OpenAI API for Beginners: Your Easy-to-Follow Starter Guide

Learn how to use OpenAI Python API for accessing language, embedding, audio, vision, and image generation models.

By Abid Ali Awan, KDnuggets Assistant Editor on February 2, 2024 in Python

OpenAI API for Beginners: Your Easy-to-Follow Starter Guide

Image by Author

In this tutorial, we will learn how to set up and use the OpenAI API for various use cases. The tutorial is designed to be easy to follow, even for those with limited knowledge of Python programming. We'll explore how anyone can generate responses and access high-quality large language models.

What is OpenAI API?

The OpenAI API allows developers to easily access a wide range of AI models developed by OpenAI. It provides a user-friendly interface that enables developers to incorporate intelligent features powered by state-of-the-art OpenAI models into their applications. The API can be used for various purposes, including text generation, multi-turn chat, embeddings, transcription, translation, text-to-speech, image understanding, and image generation. Additionally, the API is compatible with curl, Python, and Node.js.

Getting Started

To get started with OpenAI API, you first need to create an account on openai.com. Previously, every user was given free credit, but now new users are required to purchase credit.

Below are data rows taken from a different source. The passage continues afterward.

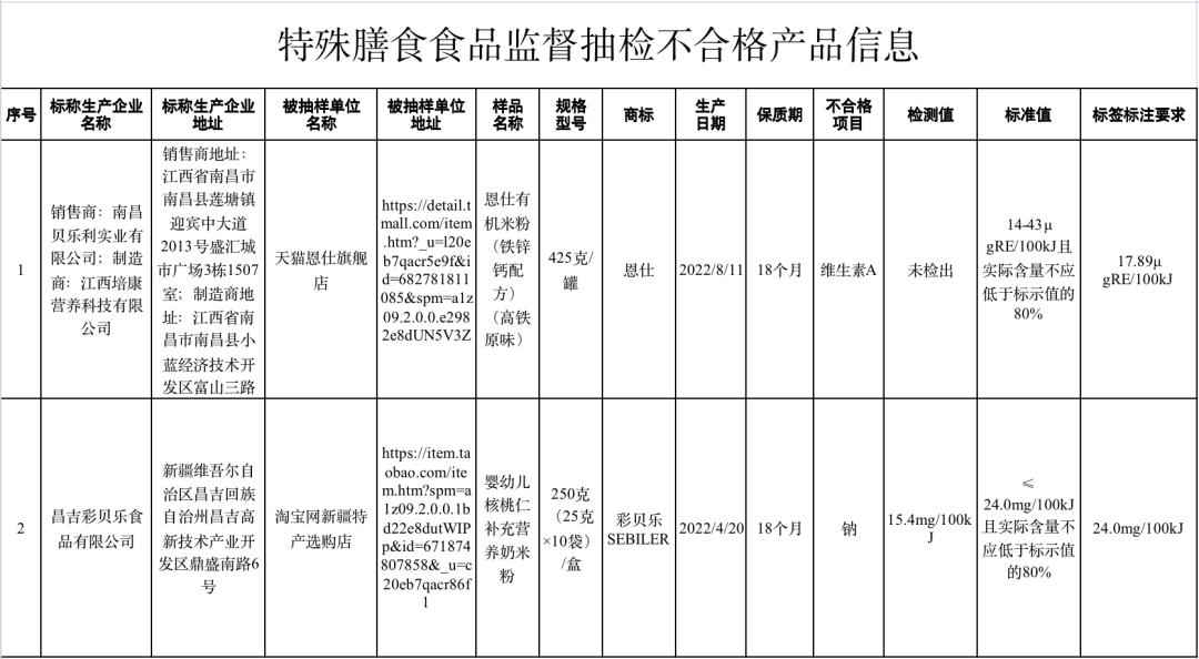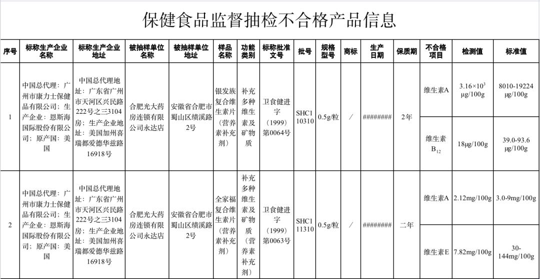 (四)天猫恩仕旗舰店(经营者为江西省南昌市恩仕健康产业有限公司)在天猫商城(网店)销售的、标称江西省南昌贝乐利实业有限公司销售的、江西培康营养科技有限公司生产的恩仕有机米粉(铁锌钙配方,高铁原味),其中维生素A含量既不符合食品安全国家标准规定,也不符合产品标签标示要求。(五)安徽省合肥光大药房连锁有限公司永达店销售的、标称广东省广州市康力士保健品有限公司中国总代理的、恩斯海国际股份有限公司(原产国:美国)生产的1批次银发族复合维生素片(营养素补充剂),其中维生素A、维生素B12含量不符合产品执行标准要求;1批次全家福复合维生素片(营养素补充剂),其中维生素A、维生素E含量不符合产品执行标准要求。
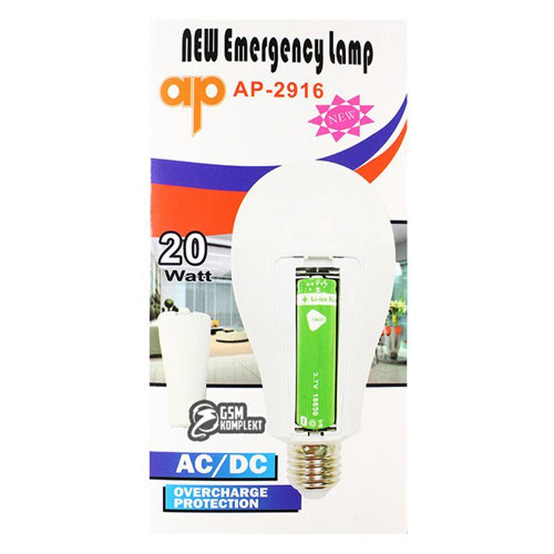Лампа аккумуляторная AP-2916 светодиодная E27 20 W 6800 К 20 W автономная
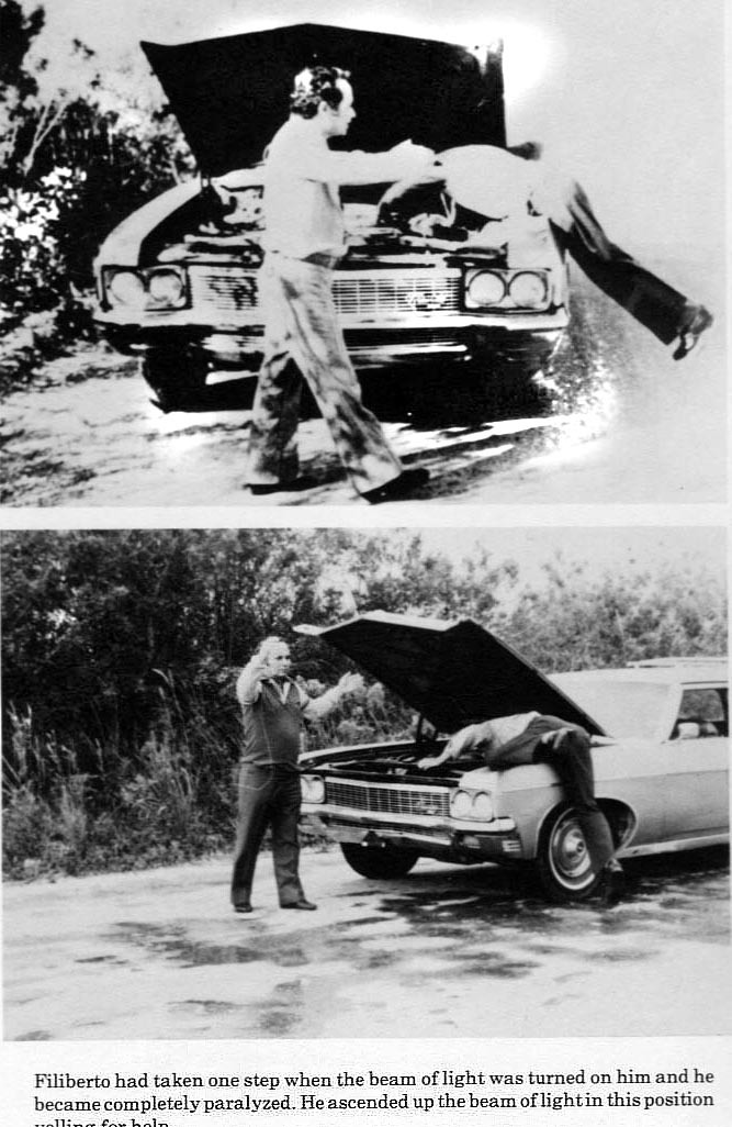 "At that moment the engine began to reflect different colors, red, violet, blue, orange and then a bluish white." They heard an intense buzzing noise, "like many thousands of bees," Cardenas said. "I tried to move but I was paralized in position, unable to do anything-even unable to move my arms. I could hear the screams of the women in the car. I looked down and saw that I was suspended in the air and rising. When I was 8 to 10 feet above the car everything went dark, and I don't remember what happened.

To purchase credit, go to "Settings," then "Billing," and finally, "Add Payment Details." Enter your debit or credit card information, and make sure to disable auto-recharge. Once you have loaded 10 USD, you can use it for a year.

Let's create the API key by navigating to "API keys" and selecting "Create new secret key". Give it a name and click on "Create secret key".

Copy the API and create an Environment variable at the local machine.

I use Deepnote as my IDE. It's easy to create environment variables. Simply go to "Integration", select "create environment variable", provide a name and value for the key, and create the integration.

Next, we will Install the OpenAI Python package using pip.

%pip install --upgrade openai

We will now create a client that can access various types of models globally.

If you have set your environment variable with the name "OPENAI_API_KEY", you don't need to provide the OpenAI client with an API key.

from openai import OpenAI

client = OpenAI()

Please note that you should only provide an API key if the name of your environment variable is different from the default one.

import os
from openai import OpenAI

client = OpenAI(
  api_key=os.environ.get("SECRET_KEY"),
 )

Text Generation

We will use a legacy function to generate the response. The completion function requires the model name, prompt, and other arguments to generate the reply.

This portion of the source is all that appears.